ACTIVITY: Return only that part of the material below which starts with the line containing "הצילומים מוכיחים שלמרות" and goes on through the line containing "Blistex Agave Rescue", restated exactly.

RECORD EXTRACTS:
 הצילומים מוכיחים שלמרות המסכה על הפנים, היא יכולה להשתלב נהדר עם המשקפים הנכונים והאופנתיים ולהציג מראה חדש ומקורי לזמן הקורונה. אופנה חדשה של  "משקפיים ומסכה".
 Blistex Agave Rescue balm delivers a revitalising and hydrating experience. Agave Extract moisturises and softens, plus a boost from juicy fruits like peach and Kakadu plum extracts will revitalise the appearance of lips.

---

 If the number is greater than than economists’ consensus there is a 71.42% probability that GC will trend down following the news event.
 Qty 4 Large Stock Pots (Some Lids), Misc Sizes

...

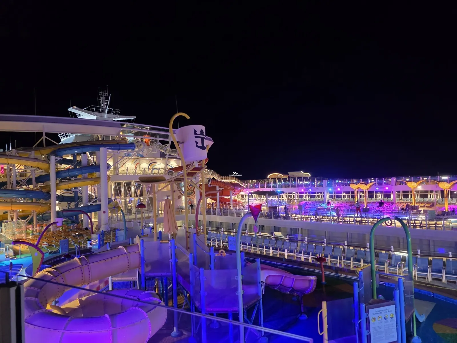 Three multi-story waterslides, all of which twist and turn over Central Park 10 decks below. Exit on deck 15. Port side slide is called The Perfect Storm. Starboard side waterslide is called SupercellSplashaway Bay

RESPONSE:
 הצילומים מוכיחים שלמרות המסכה על הפנים, היא יכולה להשתלב נהדר עם המשקפים הנכונים והאופנתיים ולהציג מראה חדש ומקורי לזמן הקורונה. אופנה חדשה של  "משקפיים ומסכה".
 Blistex Agave Rescue balm delivers a revitalising and hydrating experience. Agave Extract moisturises and softens, plus a boost from juicy fruits like peach and Kakadu plum extracts will revitalise the appearance of lips.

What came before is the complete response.